Within each category the competitors were given a rank from $1$ to $n$. $1$ being the best in the category, $2$ being second-best and so on. The total points by which the contestants are then ranked is given by $$ \prod_{i=1}^{n} r_{i} $$ where $r_{i}$ denotes the competitor's order in category $i$. These are then sorted, and the lowest score wins gold, the second lowest silver, and so on.

While this is nice and simple, the system seemed unsatisfactory at the end of the last category based on the results.

What concerns me is that the results of one competitor can reorder other competitor.

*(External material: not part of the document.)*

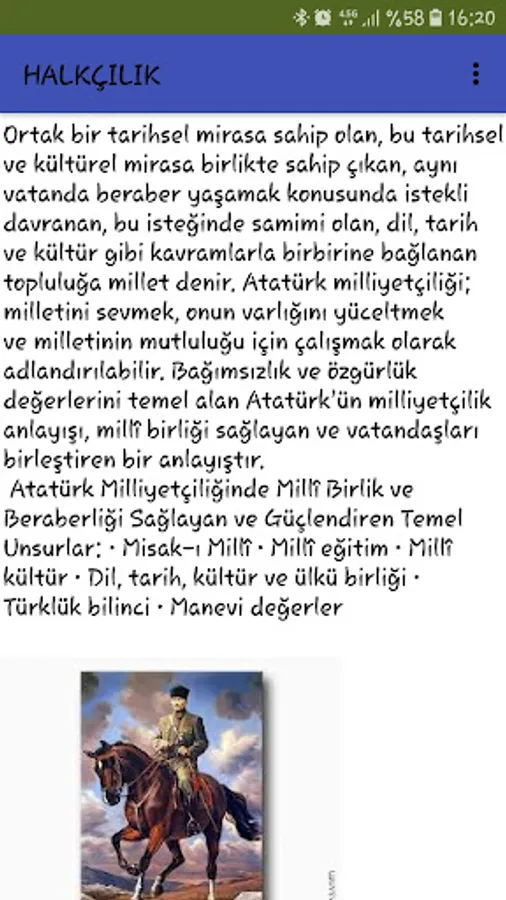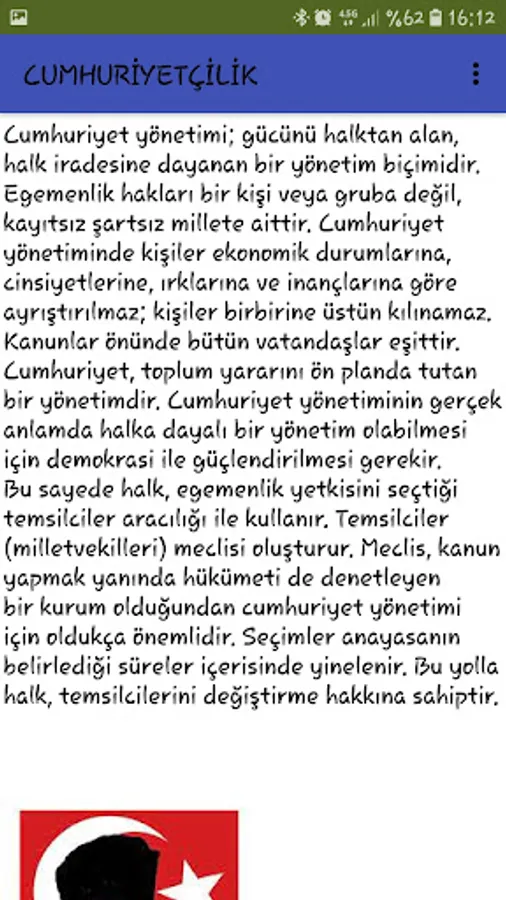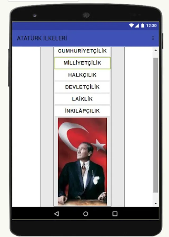 Atatürk İlkeleri adlı uygulamamızı Ömür Ali Şan isimli öğrencimiz hazırlamıştır. Bölüm butonlarına basarak ilkeler hakkında bilgi sahibi olabilirsiniz, geri dönüşler için en altta bulunan Anasayfa butonlarını kullanınız.
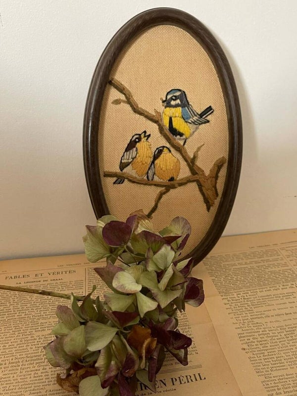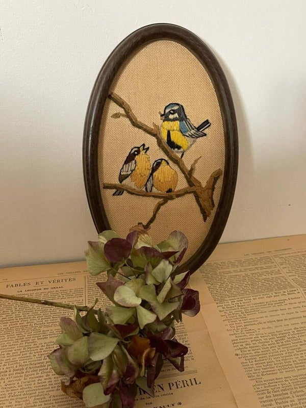 Un soupçon de nature s’invite sur vos murs avec ce délicat cadre ovale en bois, abritant une toile brodée à la main. Sur une branche aux teintes chaudes de brun, trois oiseaux se posent : deux compagnons en beige et marron se partagent le bas, tandis qu’un petit curieux aux plumes jaunes, bleues et grises surveille la scène depuis les hauteurs. Une broderie pleine de tendresse, parfaite pour une déco champêtre ou vintage.

To take a simplified example, consider the following situation:

Contestant Category A Category B Category C Total Rank
Alice 3 2 1 1 (6)
Bob 2 1 4 2 (8)
Charlie 1 3 3 3 (9)
Dan 4 4 2 4 (32)

If Dan had won the 3rd category, Alice and Bob's positions would be swapped like so:

Contestant Category A Category B Category C Total Rank
Bob 2 1 4 1 (8)
Charlie 1 3 3 2 (9)
Alice 3 2 2 3 (12)
Dan 4 4 1 4 (16)

Here we see that Dan's result has penalized Alice considerably. This seems to be an unfair way to combine ranks, as the partial order between Alice and Bob depends on the partial order between Dan and Alice.

The property the seems to be violated here appears to be very similar to the Independence of Irrelevant Alternatives.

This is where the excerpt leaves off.